Motor Vehicle Accident

Mental Harm

Case

Transport Accident Commission v Katanas

[2017] HCA 32

HIGH COURT OF AUSTRALIA

KIEFEL CJ,
KEANE, NETTLE, GORDON AND EDELMAN JJ

TRANSPORT ACCIDENT COMMISSION  APPELLANT

AND

MARIA KATANAS  RESPONDENT

Transport Accident Commission v Katanas

[2017] HCA 32

17 August 2017

M160/2016

ORDER

Appeal dismissed with costs.

On appeal from the Supreme Court of Victoria

Representation

S A O'Meara QC with S D Martin for the appellant (instructed by Hall & Wilcox Lawyers)

M F Wheelahan QC with M J Hooper for the respondent (instructed by Zaparas Lawyers)

Notice:  This copy of the Court's Reasons for Judgment is subject to formal revision prior to publication in the Commonwealth Law Reports.

CATCHWORDS

Transport Accident Commission v Katanas

Accident compensation – Transport accident – Statutory compensation scheme – Where respondent involved in motor vehicle accident and subsequently suffered mental disorder or disturbance – Where mental disorder or disturbance required to be "severe" to allow bringing of common law proceedings – Where respondent did not require inpatient psychiatric treatment – Where respondent found not to have suffered symptoms of psychological trauma at upper echelon of range – Whether severity of mental disorder or disturbance assessed only by reference to extent of treatment – Whether narrative test laid down in Humphries v Poljak [1992] 2 VR 129 followed by Court of Appeal.

Words and phrases – "mental disturbance or disorder", "narrative test", "range or spectrum of comparable cases", "serious injury", "severe", "symptoms and consequences".  

Transport Accident Act 1986 (Vic), s 93.

  1. KIEFEL CJ, KEANE, NETTLE, GORDON AND EDELMAN JJ. This appeal raises for consideration the application of the narrative test of serious injury for the purpose of s 93(17) of the Transport Accident Act 1986 (Vic) ("the narrative test") laid down in Humphries v Poljak[1].  There is only one ground of appeal:  that the majority of the Court of Appeal of the Supreme Court of Victoria (Ashley and Osborn JJA, Kaye JA dissenting) erred in holding that the primary judge misdirected himself as to the application of the narrative test.  Special leave to appeal was granted because the appeal was said to raise a question of principle of general importance.  As put at the application for special leave, that question was whether the majority of the Court of Appeal erred by casting aside or "trampling upon" the narrative test – particularly that part of it which calls for a comparison of the case in suit with other cases in the range of comparable cases – and substituting a new and unprecedented test of bringing to account the subjective symptoms and consequences of an alleged serious injury and assessing their significance by reference to a new and unexplained concept of a "line"[2].  When the appeal came on for hearing, however, it became apparent that the appellant's oral argument was directed to two contentions:  the contention that the majority had trampled upon the narrative test; and an alternative contention – which was nowhere as such identified in the appellant's written submissions – that the majority of the Court of Appeal had misunderstood the primary judge's formulation of the "possible range" and thereby fallen into error.

    [1][1992] 2 VR 129.

    [2][2016] HCATrans 286 at lines 11-14, 96-104, 147-170.

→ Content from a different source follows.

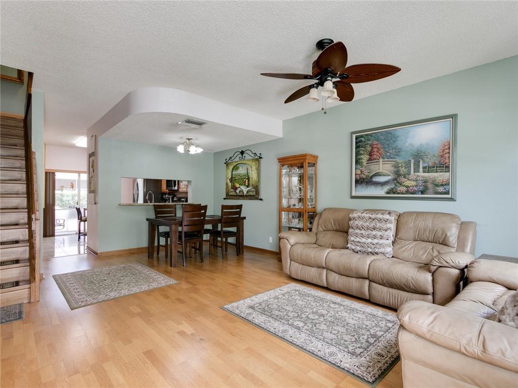 Wow-3 bedroom, 2 1/2 bath corner townhouse in desirable Coral Reef Club. Hardwood floors in living and dining areas. Laminate on steps and upstairs. Tile in kitchen. Renovated kitchen with maple wood cabinets, granite countertops, stainless steel appliances and tile backsplash. Half bath downstairs. All 3 bedrooms upstairs. Renovated master bathroom with shower. Two bedrooms have walk-in closets. Screened patio with private, fenced garden area. Accordion shutters upstairs and metal hurricane panels downstairs. Large pets and trucks allowed. Excellent schools close by. Close to major highways, shopping, and restaurants. Gated community with pool, basketball courts and children's play area. Low hoa fee includes roof, lawn, exterior, and common areas. This townhouse is in move-in condition.

  2. For the reasons which follow, it is clear that the majority of the Court of Appeal did not depart from the narrative test.  It is also clear that the appellant's alternative contention, alleging a misunderstanding of the primary judge's formulation of the range, is not a ground for which special leave was granted.  It raises no question of general importance.  It should not be entertained.

    Relevant statutory provisions

  3. At relevant times, and as far as is pertinent for present purposes, s 93 of the Transport Accident Act provided as follows:  

    "(1)A person shall not recover any damages in any proceedings in respect of the injury or death of a person as a result of a transport accident occurring on or after the commencement of section 34 except in accordance with this section.

    ...

    (2) A person who is injured as a result of a transport accident may recover damages in respect of the injury if—

    ...

    (b) the injury is a serious injury.

    ...

    (4)      If—

    (a)under section 46A, 47(7) or 47(7A), the Commission has determined the degree of impairment of a person who is injured as a result of a transport accident; and

    (b)the degree so determined is less than 30 per centum—

    the person may not bring proceedings for the recovery of damages in respect of the injury unless—

    (c)      the Commission—

    (i)is satisfied that the injury is a serious injury; and

    (ii) issues to the person a certificate in writing consenting to the bringing of the proceedings; or

    (d)a court, on the application of the person, gives leave to bring the proceedings.

    ...

    (17)     In this section—

    ...

    serious injury means—

    (a) serious long-term impairment or loss of a body function; or

    (b) permanent serious disfigurement; or

    (c)severe long-term mental or severe long-term behavioural disturbance or disorder; or

    (d) loss of a foetus."

    The narrative test of serious injury

  4. The terms "serious" and "severe" are not defined in the Transport Accident Act but, for the last 25 years, it has been accepted that the question of whether an injury is "serious" for the purpose of s 93(17) is to be answered according to the narrative test laid down by the Full Court of the Supreme Court of Victoria in Humphries v Poljak[3]:

    "To be 'serious' the consequences of the injury must be serious to the particular applicant.  Those consequences will relate to pecuniary disadvantage and/or pain and suffering.  In forming a judgment as to whether, when regard is had to such consequence, an injury is to be held to be serious the question to be asked is:  can the injury, when judged by comparison with other cases in the range of possible impairments or losses, be fairly described at least as 'very considerable' and certainly more than 'significant' or 'marked'?"  (emphasis added)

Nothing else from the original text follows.